WHAT IS EXPECTED -> No pictures go into the copy. Write out every line below exactly.

(Collected data entries)

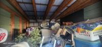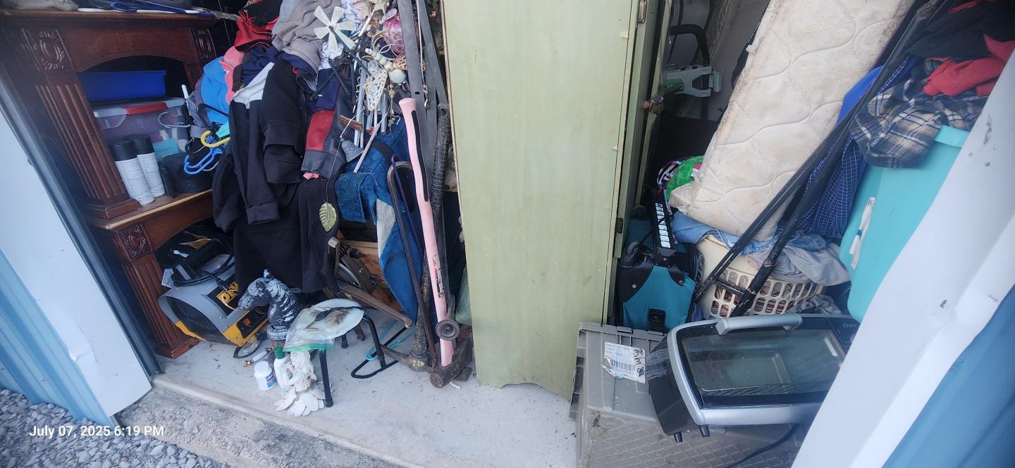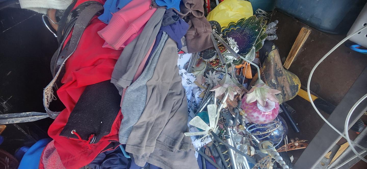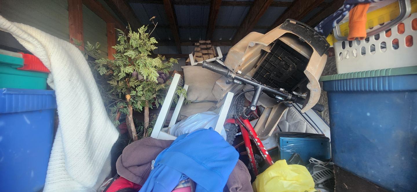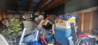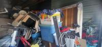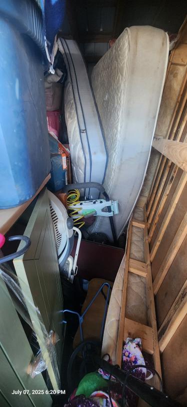 This unit appears to contain…This unit appears to have a lot of misc. items in it. There is no telling what you will find in this unit because it is piled up! It looks like there is a bike, tools, old ship, totes with things in them, box spring and mattress, garden items, DeWalt heater or fan, blankets or covers, fake tree, and more!
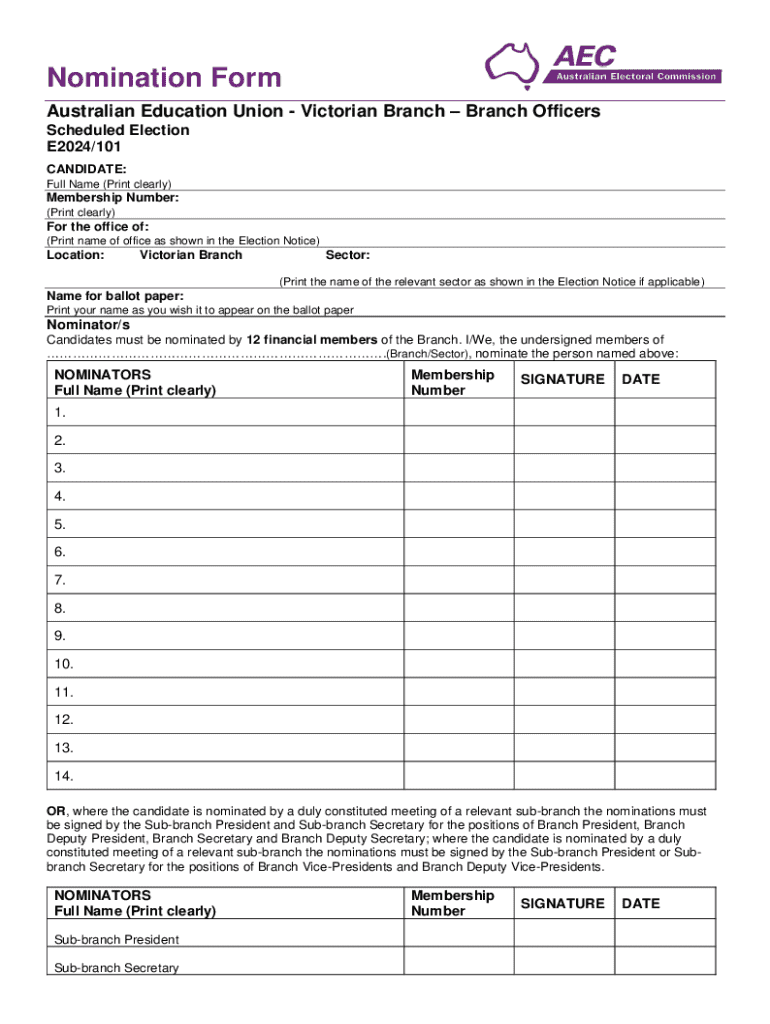 This nomination form is used for candidates seeking election for branch officer positions within the Australian Education Union - Victorian Branch. It requires candidates to provide personal details,
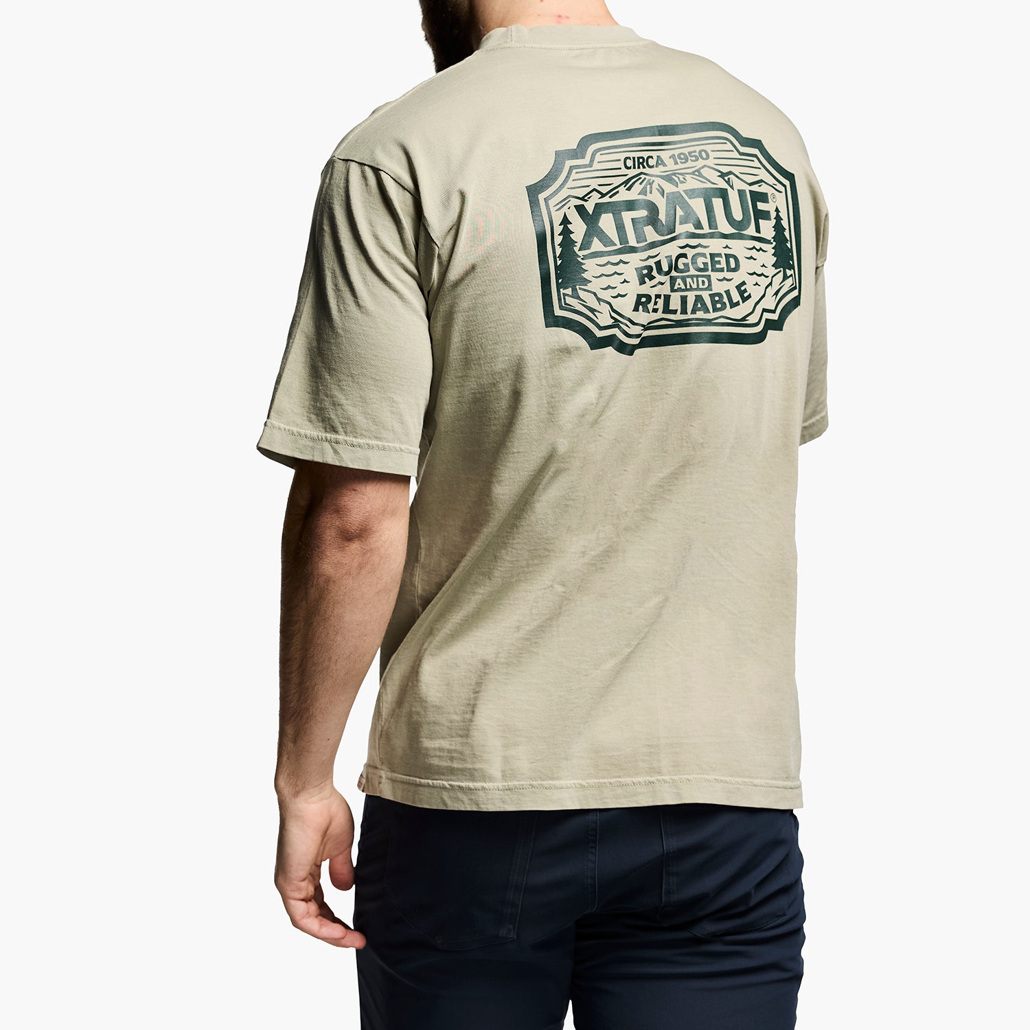 The XTRATUF Rugged and Reliable badge tee features an XTRATUF logo on the front and badge design on the back. Available in multiple colors and in sizes S-XXL.
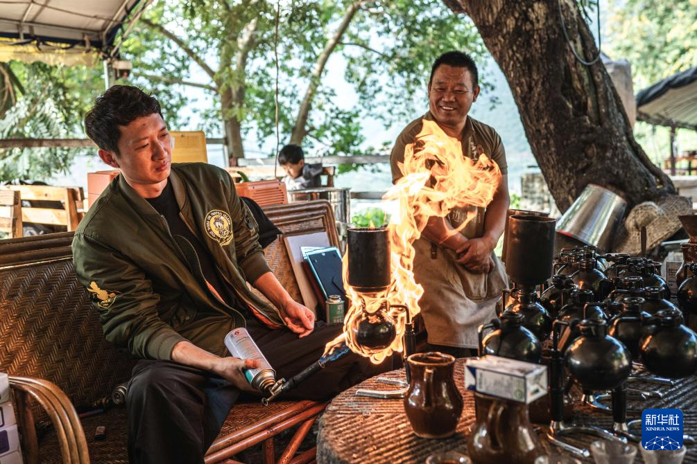 噴槍的火舌增溫,虹吸壺內(nèi)的咖啡粉隨沸水翻動。峽谷里獨(dú)特的咖啡萃取方式和怒江水一同攜著咖香,流向遠(yuǎn)方。隨著“火燒咖啡”走紅網(wǎng)絡(luò),咖叔也有了知名度。
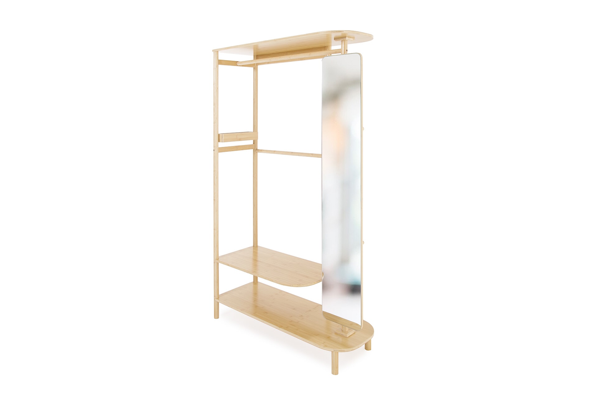 Its slim frame holds a full-length mirror on a rotating panel, revealing open hanging space and tiered shelving behind – perfect for keeping everyday outfits, accessories and shoes in easy reach.
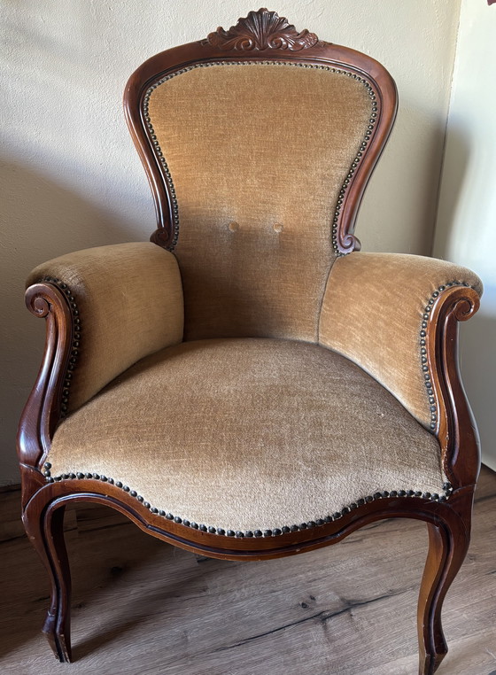 Splendida poltrona antica Luigi XV/rococò con elegante struttura in legno curvato, stemma/ornamento decorato nella parte superiore e splendida bordura a chiocciola lungo il rivestimento. La poltrona è robusta e si adatta con eleganza a qualsiasi ambiente, come soggiorno, camera da letto o angolo lettura.

WRITTEN RESPONSE ->
 This unit appears to contain…This unit appears to have a lot of misc. items in it. There is no telling what you will find in this unit because it is piled up! It looks like there is a bike, tools, old ship, totes with things in them, box spring and mattress, garden items, DeWalt heater or fan, blankets or covers, fake tree, and more!
 This nomination form is used for candidates seeking election for branch officer positions within the Australian Education Union - Victorian Branch. It requires candidates to provide personal details,
 The XTRATUF Rugged and Reliable badge tee features an XTRATUF logo on the front and badge design on the back. Available in multiple colors and in sizes S-XXL.
 噴槍的火舌增溫,虹吸壺內(nèi)的咖啡粉隨沸水翻動。峽谷里獨(dú)特的咖啡萃取方式和怒江水一同攜著咖香,流向遠(yuǎn)方。隨著“火燒咖啡”走紅網(wǎng)絡(luò),咖叔也有了知名度。
 Its slim frame holds a full-length mirror on a rotating panel, revealing open hanging space and tiered shelving behind – perfect for keeping everyday outfits, accessories and shoes in easy reach.
 Splendida poltrona antica Luigi XV/rococò con elegante struttura in legno curvato, stemma/ornamento decorato nella parte superiore e splendida bordura a chiocciola lungo il rivestimento. La poltrona è robusta e si adatta con eleganza a qualsiasi ambiente, come soggiorno, camera da letto o angolo lettura.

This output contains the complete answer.